-- Ping Chong
You're doing what most American Screenwriters do: you don't let your characters talk directly to the audience. Or to put it another way, you don't let them make eye contact with all the folks in those seats.
This is the good old Fourth Wall device: just before the curtain went up some idiot in a bulldozer apparently ripped off the front wall of that living room -- and the characters inside never notice that we're staring at them through the hole. It's is the Ant Farm approach to theatre.
You're admitting the obvious -- folks are out there watching, so you might as well use that fact in telling your story. And you let at least one -- or sometimes all -- of your characters talk to us.
You can do this technically with a Narrator who leads us through the play while the rest of the characters don't acknowledge us.

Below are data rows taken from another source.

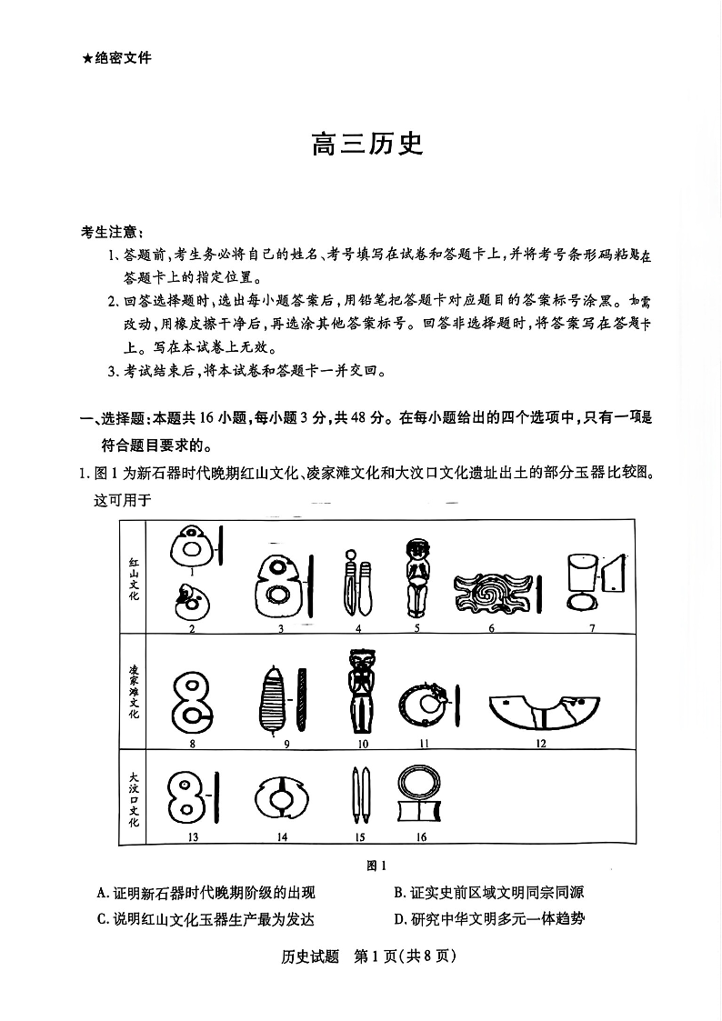 天一大联考2024-2025学年(上)湖南高三一联+历史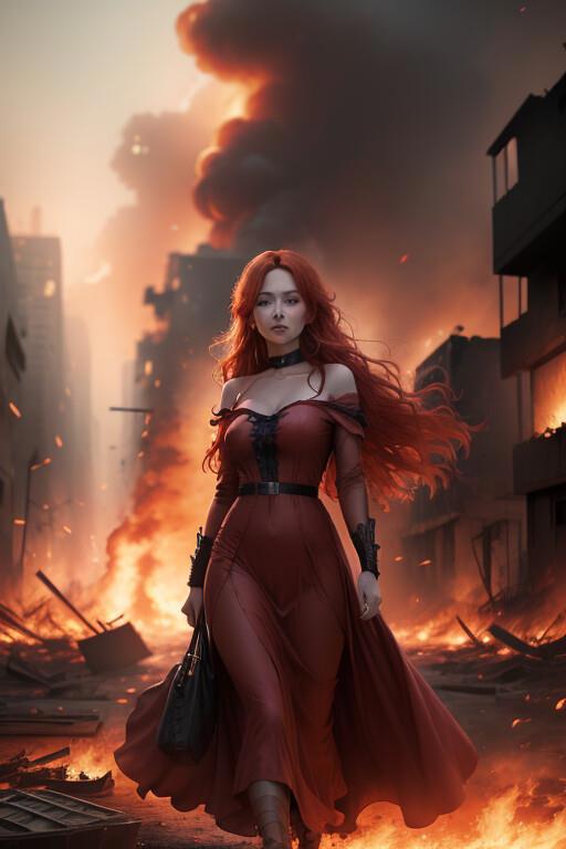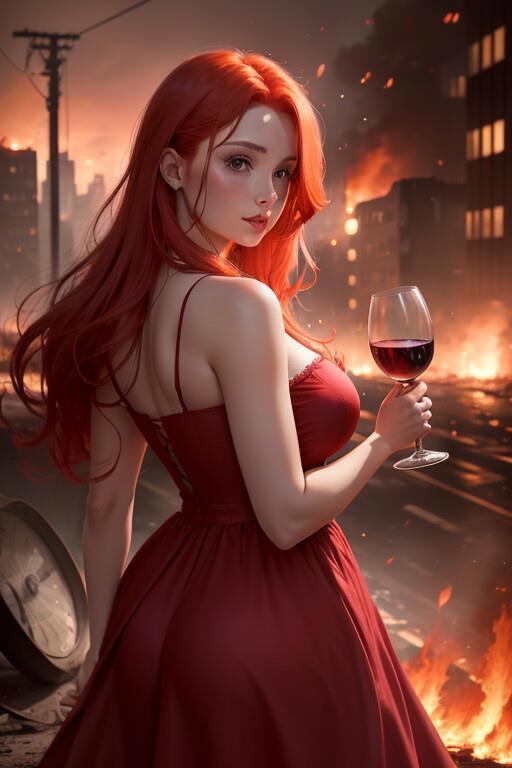 Ну и о нейросетях. Очередной эксперимент можно считать иллюстрацией к "Не ходи за мной", хотя нейронка упорно не желает рисовать платье нужного цвета - делает его под цвет волос :)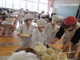 食缶や食器を準備して、配膳がスタートしました。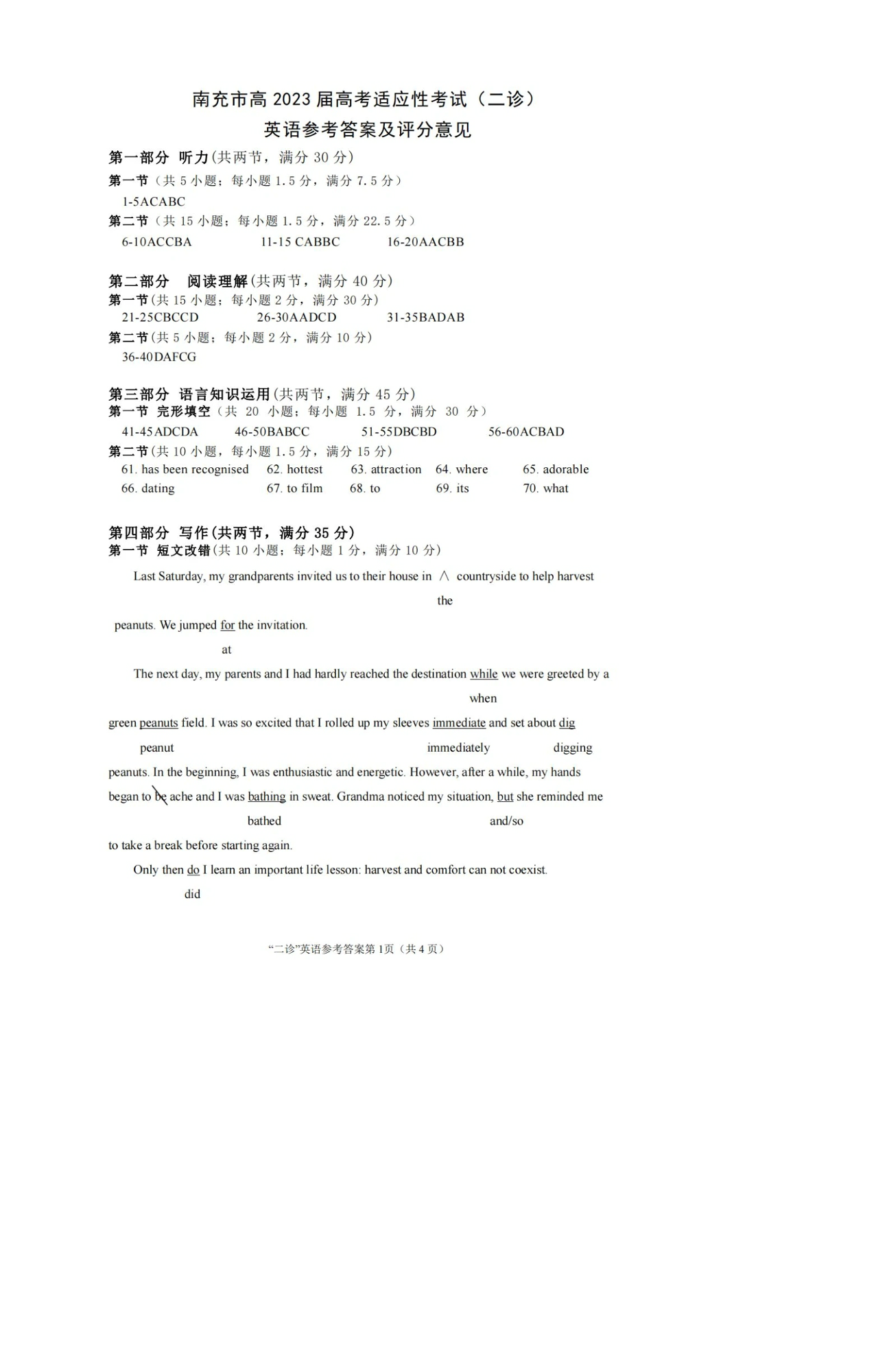 高三英语答案--四川省南充市2023届高三下学期高考适应性考试(南充二诊)
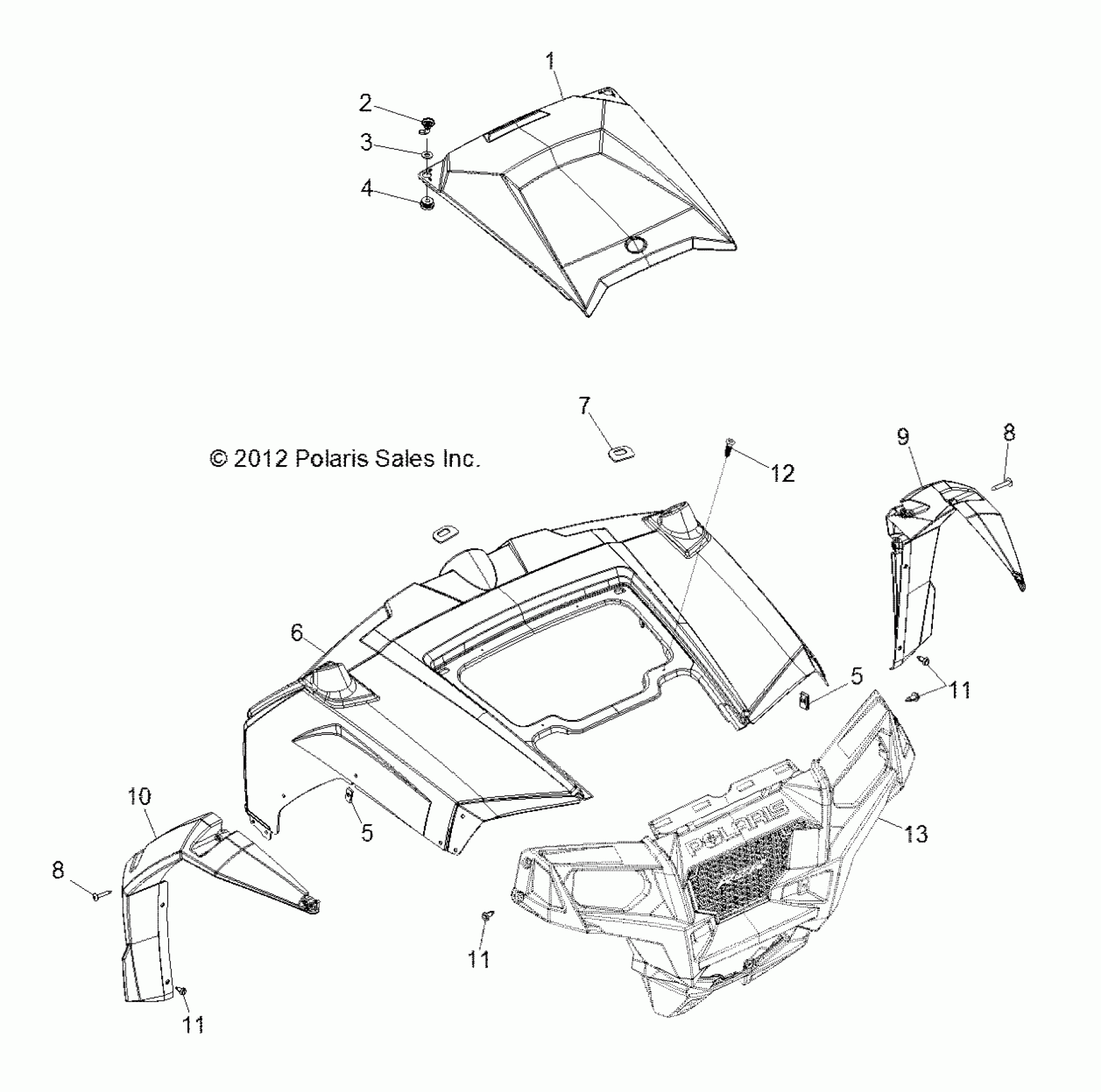 Polaris RZR 4 800 EFI - R13XE76AD/EAI BODY, HOOD and FRONT BODY WORK - R13XE76AD/EAI (49RGRHOOD13RZR4) Diagram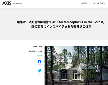 建築家で詩人の浅野言朗氏が設計した長野・軽井沢の住宅「Metamorphosis in the Forest」について取り上げている記事が、AXISに掲載されています。

That's what Charles Fuller did in A SOLDIER'S PLAY [the play, of course. Not the movie]. Or you can have any number of your characters take us into their confidence. This is what John Guare did in SIX DEGREES OF SEPARATION [the play, of course. Not the movie.]
And you can do an interesting I-Don't-Want-To-Have-Just-One sort of thing as Wendy Wasserstein did in THE HEIDI CHRONICLES. Her central character addresses us at the beginning of each Act, but in the guise of an art history lecture. So she talks to us, but she doesn't acknowledge us as a theatre audience. We understand we're her students sitting in a lecture hall.